On several standardized psychological tests of cognitive function, patients who received GPC scored better than those who received placebo. A measure of cognitive function substantially improved in the GPC group, but worsened in the placebo group. Compared to placebo, the GPC group also fared better in behavioral improvement and standardized physician ratings.
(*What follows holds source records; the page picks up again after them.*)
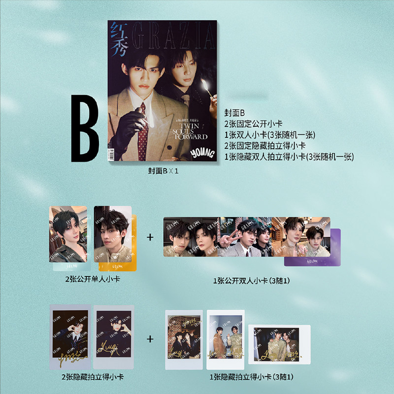 雑誌1冊+B版単人フォトカード2枚+双人フォトカード1枚(3枚からランダム)+B版印刷サイン入りポラロイドカード2枚+ポラロイドカード1枚(3枚からランダム)
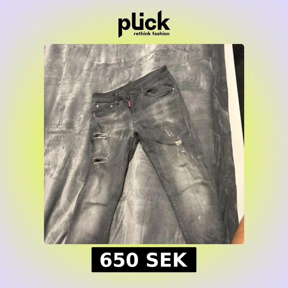 Snygga grå jeans från Dsquared2 med slitna detaljer och trasiga partier på framsidan. Modellen är slim fit med klassisk femficksdesign och coola färgstänk. Märkespatch bak och röd Dsquared2-tag vid fickan. Perfekt för dig som gillar streetstyle.
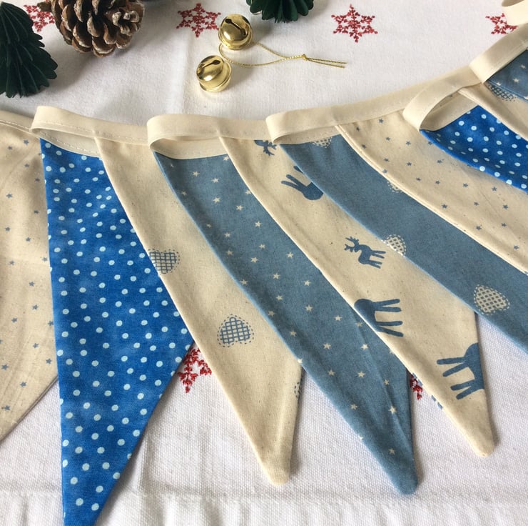New Christmas bunting for 2021, a 12 flag blue cream christmas bunting inspired by Scandi Christmas fabrics, comprising a of reindeer, stars, hearts on a cream background and plain red.
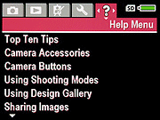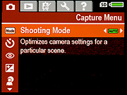 Record Mode: This mode is accessed simply by turning the camera one. In Record mode, the camera can capture still images or videos with sound, with five groups of options (Capture, Playback, Design Gallery Menu, Setup and Help) available through the Record mode settings menu. The groups are arranged with a "tabbed" layout, allowing you to access Capture Menu, Playback Menu, Design Gallery Menu, Setup Menu or Help Menu items in any camera mode by paging between tabs. Options can either be cycled through on the menu screen with the left / right arrow buttons, or the OK button can be pressed to bring up a screen describing the specific option and allowing it to be altered, and all Capture Menu options also offer a Help screen describing them in more detail:

The study findings support GPC’s efficacy in treating the cognitive symptoms of dementia disorders such as Alzheimer’s.32
What makes these results particularly encouraging is that they resemble those obtained through the use of Alzheimer’s drugs such as Aricept® and Exelon®. Unlike those drugs, however, GPC is easy to tolerate, with fewer side effects.32
In a review of 13 published clinical trials involving 4,054 patients with age-related memory loss or vascular dementia caused by stroke or mini-stroke (transient ischemic attack), scientists concluded that GPC produced consistent improvements in memory and attention, and significantly improved patients’ clinical condition, even when tested in a variety of experimental settings.6
The scientists also noted that GPC effectively relieved the cognitive symptoms of chronic cerebral deterioration. Furthermore, patients using GPC demonstrated clinical results that were equivalent or superior to control groups under active pharmaceutical treatment. The researchers hope to conduct further studies to examine GPC’s role in supporting the recovery of patients who have suffered a stroke.